I replaced those values freely in organs I've refurbished with polyester film caps, with great sound improvement over the 45 year old caps. change versus original? I don't know I couldn't afford one in 1968. The organs cost more than a pony car then. You wouldn't even rate a demonstration in a showroom if you didn't wear a coat & tie in those days.
I used roederstein polyester 63 v caps because that was what was in stock. In some places they wouldn't fit, and I used Aerovox gold 50v ceramic caps. Again the sound is very nice. Using 25x the signal voltage on the ceramic cap linearizes the performance somewhat for a 2 v signal.
The great advantage of film or ceramic caps, they lack the planned obsolescence feature. They don't dry up & cause the device to **** out in 10-20 years as the original design is planned to do. They do have a service life, but if you stay well below rated voltage film & ceramic caps will outlive you. Life is too short to do this re-cap job over & over.
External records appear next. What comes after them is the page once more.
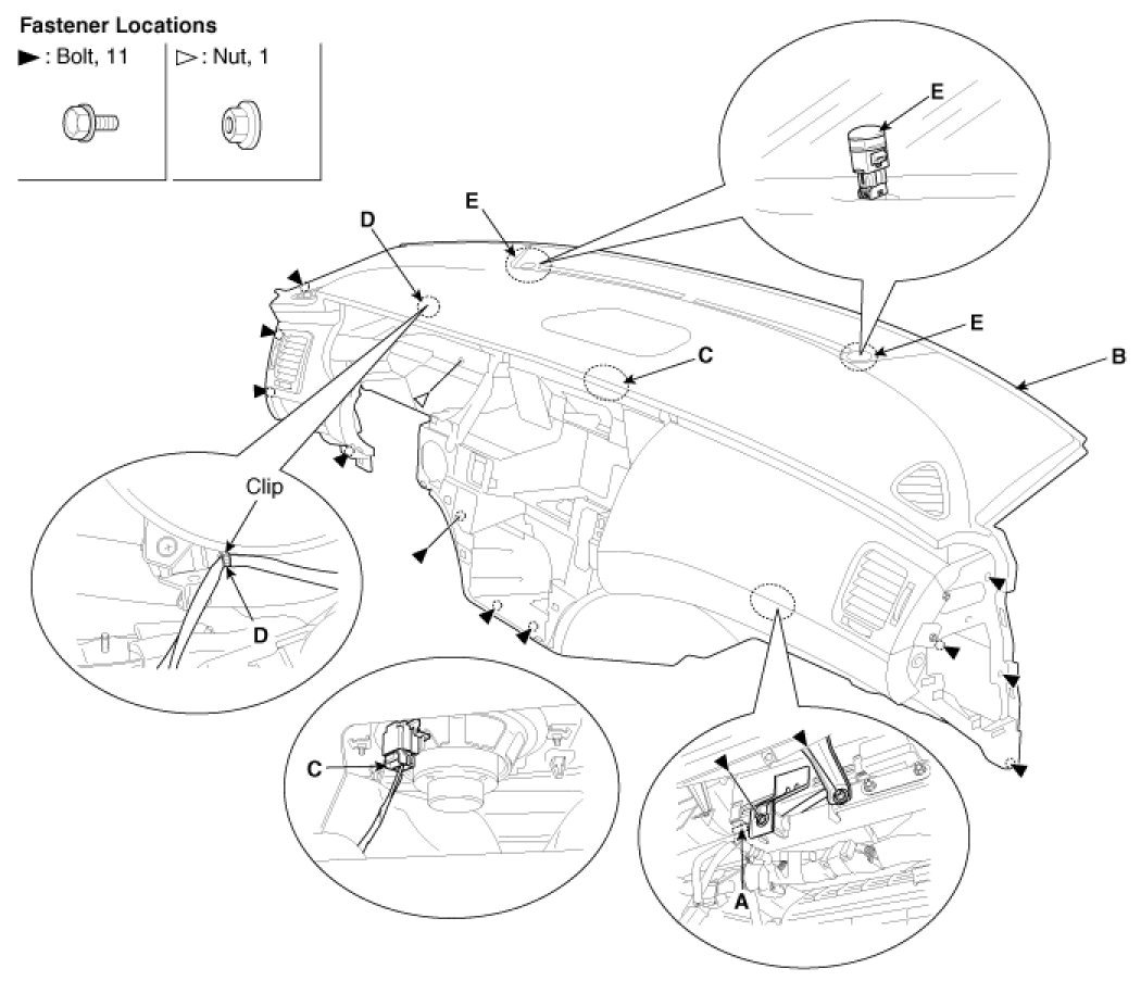 - Before tightening the bolts, make sure the crash pad wire harnesses are not pinched.
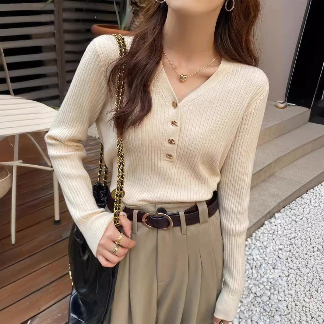 2025新作韓国ファッション春秋冬ニットTシャツ 6カラーニット レディース 無地 ニット プルオーバー リブニット トップス セーター レディース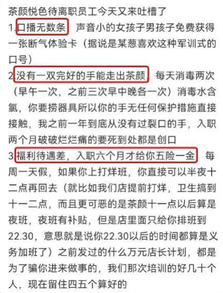 社交网站上流传的茶颜悦色员工抱怨

Audio grade electrolytic caps like the muse line I see as unnecessarily premium in the wrong specificationi. I use nichicon caps frequently, but I try to buy the industrial line rated 10000 hours service life. I've had to replace e-caps in an amp I own four times since 1970 (low power out), and view standard life 1000 hour or 500 hour TV parts house stock caps as vile time wasters.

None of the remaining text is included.